• TASK TO CARRY OUT: Look in the material below for the line holding "Natural rope is". Set it down exactly, with each later line up to and including the line holding "1月份,長(zhǎng)沙舒".

• SOURCE MATERIAL:

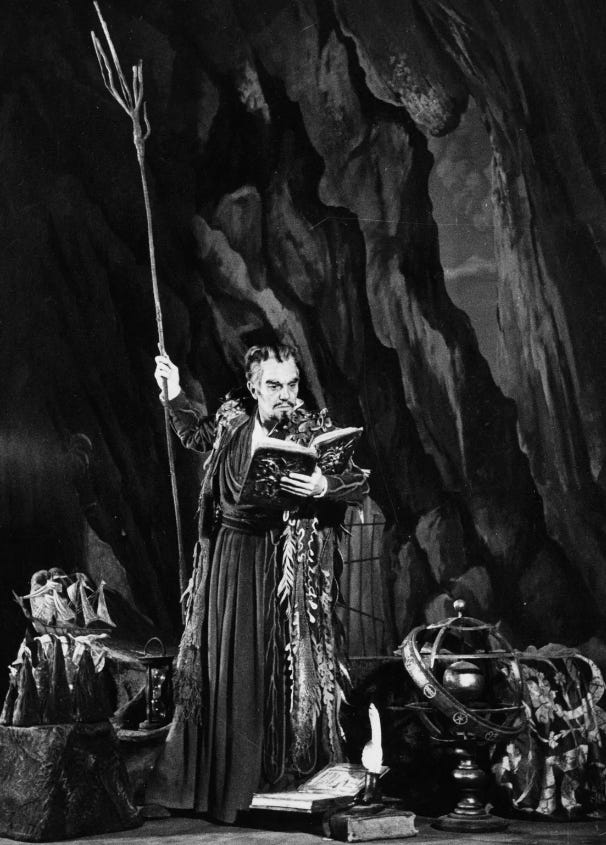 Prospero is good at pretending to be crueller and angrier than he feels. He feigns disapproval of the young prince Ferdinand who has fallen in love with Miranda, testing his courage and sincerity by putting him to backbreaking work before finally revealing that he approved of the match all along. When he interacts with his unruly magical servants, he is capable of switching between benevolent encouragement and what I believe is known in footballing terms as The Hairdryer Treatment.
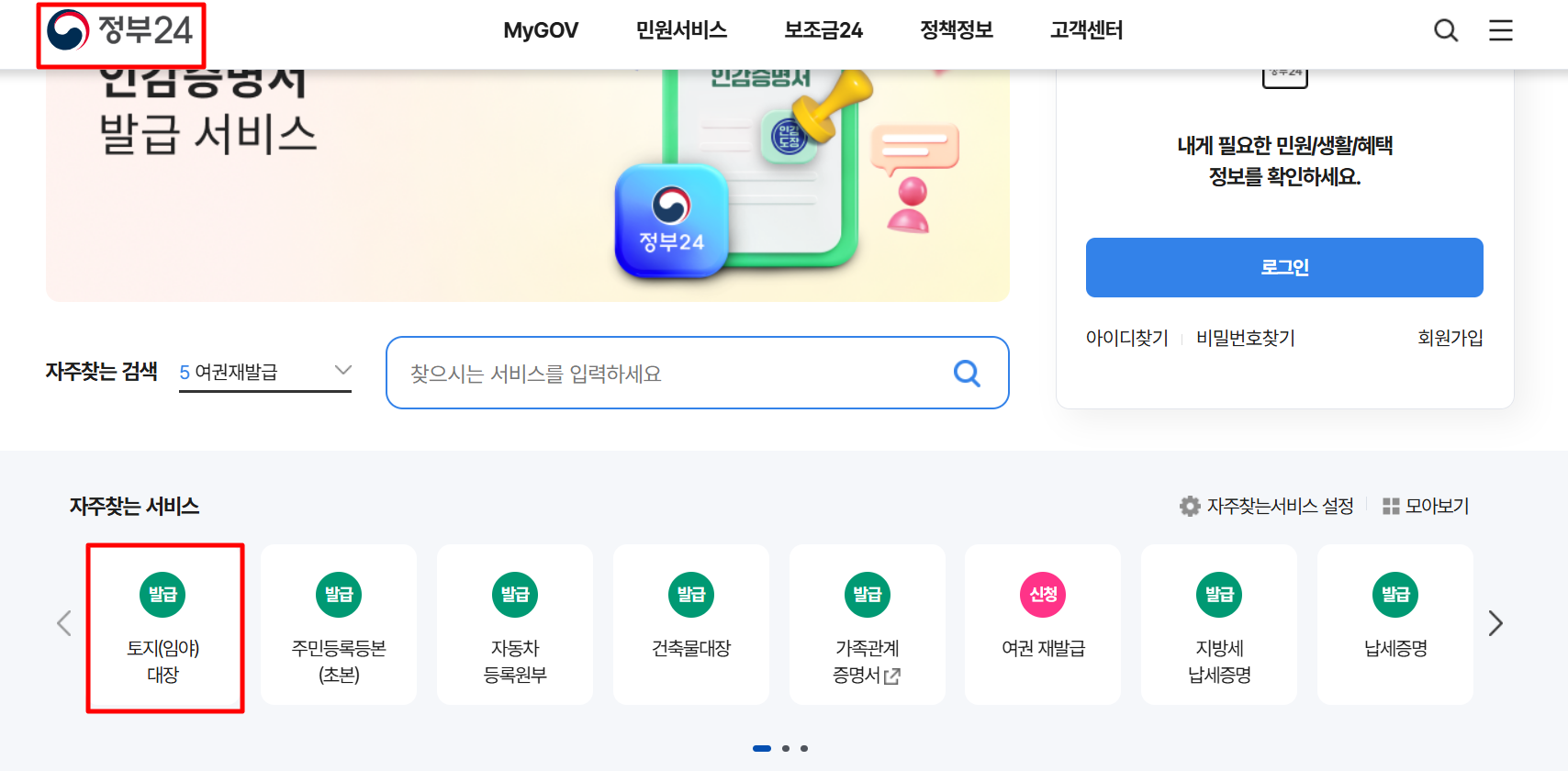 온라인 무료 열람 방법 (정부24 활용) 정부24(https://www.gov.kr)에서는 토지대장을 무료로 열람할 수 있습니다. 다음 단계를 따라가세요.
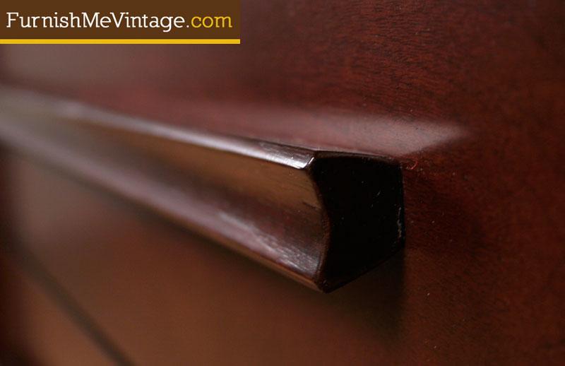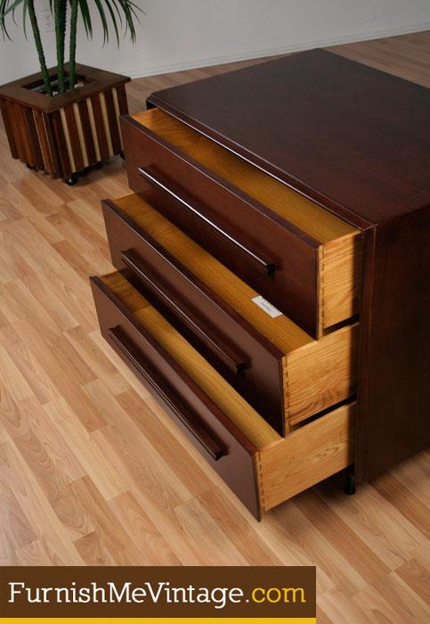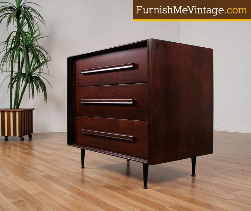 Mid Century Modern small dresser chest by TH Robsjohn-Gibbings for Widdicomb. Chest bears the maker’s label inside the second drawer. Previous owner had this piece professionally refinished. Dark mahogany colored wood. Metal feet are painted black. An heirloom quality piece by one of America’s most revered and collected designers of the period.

--

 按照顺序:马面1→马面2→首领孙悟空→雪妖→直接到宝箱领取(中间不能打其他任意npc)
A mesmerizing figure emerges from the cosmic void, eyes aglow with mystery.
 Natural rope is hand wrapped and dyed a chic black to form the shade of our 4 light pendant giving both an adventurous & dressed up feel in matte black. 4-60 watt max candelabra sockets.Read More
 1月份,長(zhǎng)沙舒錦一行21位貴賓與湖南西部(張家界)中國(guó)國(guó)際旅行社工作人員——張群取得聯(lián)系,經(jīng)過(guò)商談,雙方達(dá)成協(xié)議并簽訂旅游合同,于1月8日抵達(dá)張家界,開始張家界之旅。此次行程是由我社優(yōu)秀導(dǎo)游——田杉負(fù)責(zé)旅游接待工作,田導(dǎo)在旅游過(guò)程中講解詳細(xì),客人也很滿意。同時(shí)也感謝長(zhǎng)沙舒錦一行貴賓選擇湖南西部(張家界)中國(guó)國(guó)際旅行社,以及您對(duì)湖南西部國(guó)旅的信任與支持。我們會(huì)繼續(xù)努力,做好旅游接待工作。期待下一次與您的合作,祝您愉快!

...

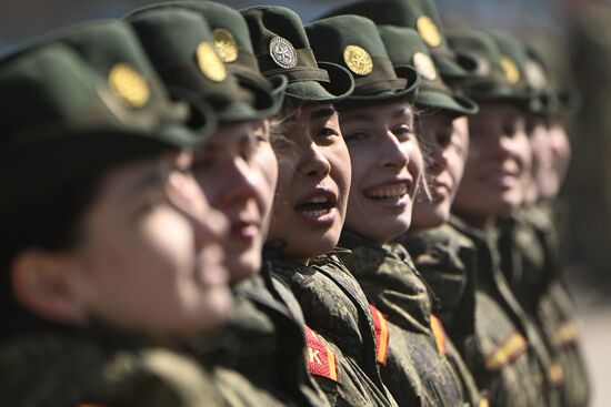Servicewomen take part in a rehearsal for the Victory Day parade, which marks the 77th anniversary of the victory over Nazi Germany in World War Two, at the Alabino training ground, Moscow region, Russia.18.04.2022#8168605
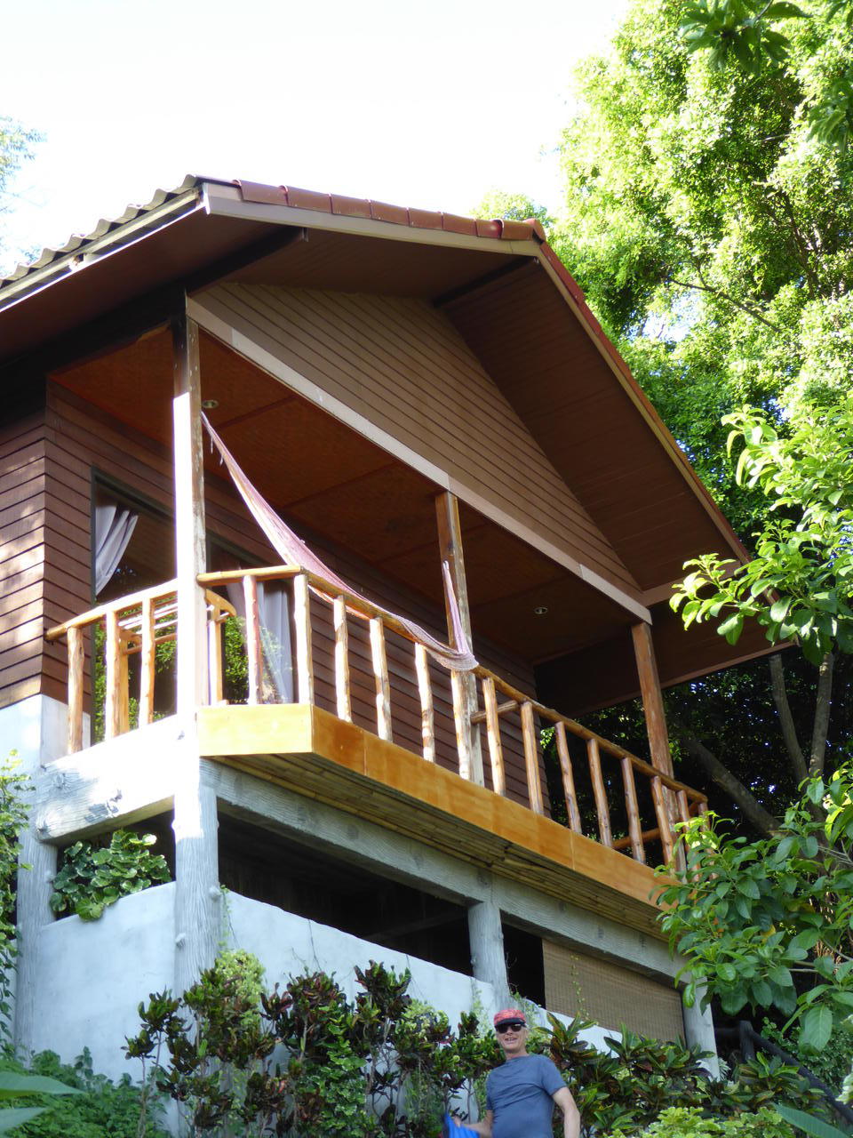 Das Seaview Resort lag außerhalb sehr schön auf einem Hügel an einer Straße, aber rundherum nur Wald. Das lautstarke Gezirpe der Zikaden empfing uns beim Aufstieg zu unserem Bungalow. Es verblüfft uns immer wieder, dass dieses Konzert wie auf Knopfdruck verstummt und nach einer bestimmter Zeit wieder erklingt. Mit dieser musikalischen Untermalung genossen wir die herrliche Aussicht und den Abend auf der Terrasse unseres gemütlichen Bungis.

• OUTPUT FOR THIS TASK:
 Natural rope is hand wrapped and dyed a chic black to form the shade of our 4 light pendant giving both an adventurous & dressed up feel in matte black. 4-60 watt max candelabra sockets.Read More
 1月份,長(zhǎng)沙舒錦一行21位貴賓與湖南西部(張家界)中國(guó)國(guó)際旅行社工作人員——張群取得聯(lián)系,經(jīng)過(guò)商談,雙方達(dá)成協(xié)議并簽訂旅游合同,于1月8日抵達(dá)張家界,開始張家界之旅。此次行程是由我社優(yōu)秀導(dǎo)游——田杉負(fù)責(zé)旅游接待工作,田導(dǎo)在旅游過(guò)程中講解詳細(xì),客人也很滿意。同時(shí)也感謝長(zhǎng)沙舒錦一行貴賓選擇湖南西部(張家界)中國(guó)國(guó)際旅行社,以及您對(duì)湖南西部國(guó)旅的信任與支持。我們會(huì)繼續(xù)努力,做好旅游接待工作。期待下一次與您的合作,祝您愉快!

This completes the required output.